Thanks for sharing this with us. It's nice to have blog friends going through similar trials. It lets me feel not so alone in my growth - or actually, shrinkage.

You are a brave gal, and I admire and appreciate you.

Keep up the super work!

Anonymous said...

I have been a lurker for a long time on this blog. I guess I just wanted to say thank you - I emailed Oprah about you - I hope she finds you. I admire how hard you try to change yourself for the better. I'm only in college but I'm in a huge rut but now I feel like I have no excuses not to live fully if you're trying so hard to do it can do it.

Anonymous said...

This blog is getting so popular. I had two different friends send it to me last week. (FYI - I've been here from the start!)

I just wanted to say Rock On Girl. Keep it up. This should be required reading for all girls in their 20s. I sent both posts to about 20 friends.

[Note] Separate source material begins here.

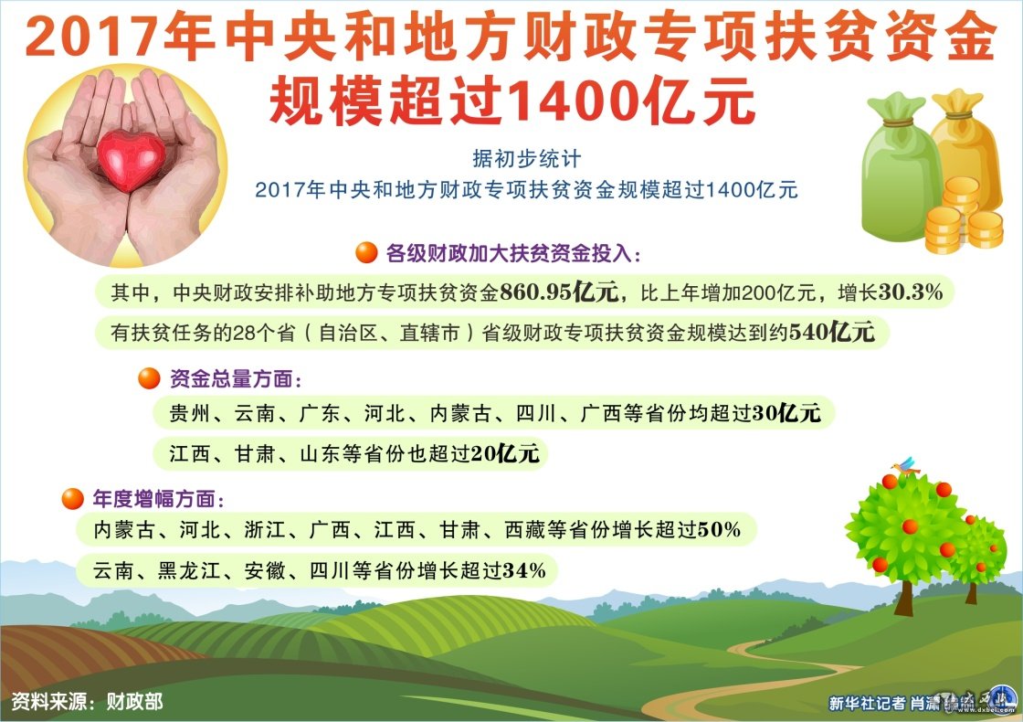2017年中央和地方财政专项扶贫资金规模超过1400亿元(资料图表)。新华社记者肖潇编制

Let me know how those naked jumping jacks go.

RadoMom said...

Thanks to Melanie and Adventure Grrl! I'll be hitting my Weight Watchers meeting tonight and checking out my "badan-ka-donk" in in the mirror. (Sorry for the visual I just gave everyone!)

= )

Anonymous said...

Hi Girls,
Melanie is right, the extra padding is pain, pure and simple. I have gained more weight this year than I ever have before as a yo-yo dieter. I have also resigned myself to a very unfullfilling marriage for the sake of my kids. Divorce is for the wealthy. I've known for a while that just biting my tongue and trying to make the best of things was also causing me to replace peace and happiness with Little Debbies and cookies.
Now I will choose good books, ice tea, and walks. Movies, friends and prayers. I won't punish my body for my choices. I can do this.
Thanks Melanie and adventure girl

Anonymous said...

melanie's words got deep inside me. like right in the middle of my chest. i feel it sticking there. i have goosbumps. on my FACE. i think some sort of switch may have ... switched. we'll see how it goes!

Anonymous said...

Such a great post and something I've been longing for! Thanks so much! I stood in the mirror last night after taking a long soak in the tub...powerful moment. Looking forward to your next post.

Anonymous said...

Hello girls -

I hope you've all stood bravely in front of that mirror - recognizing how cruel we can be to ourselves just in thought.

Acknowledge the pain - from the past, and from this moment of looking at yourself vulnerable and naked.

Now go heal that girl - she deserves it.

adventure grrl said...

Hey Dolls - Glad you liked the post - isn't Melanie awesome? She has no idea what she's gotten herself into as I will be BEGGING her to do this again. I'll be solicitng ideas from you guys on what you want her to help us with next. OVERBEARING MOTHER'S anyone????

Anonymous said...

Wow.

Do you and Melanie mind if I use some of your blog as part of a post I'm working on.

I won't use it until I get approval from you.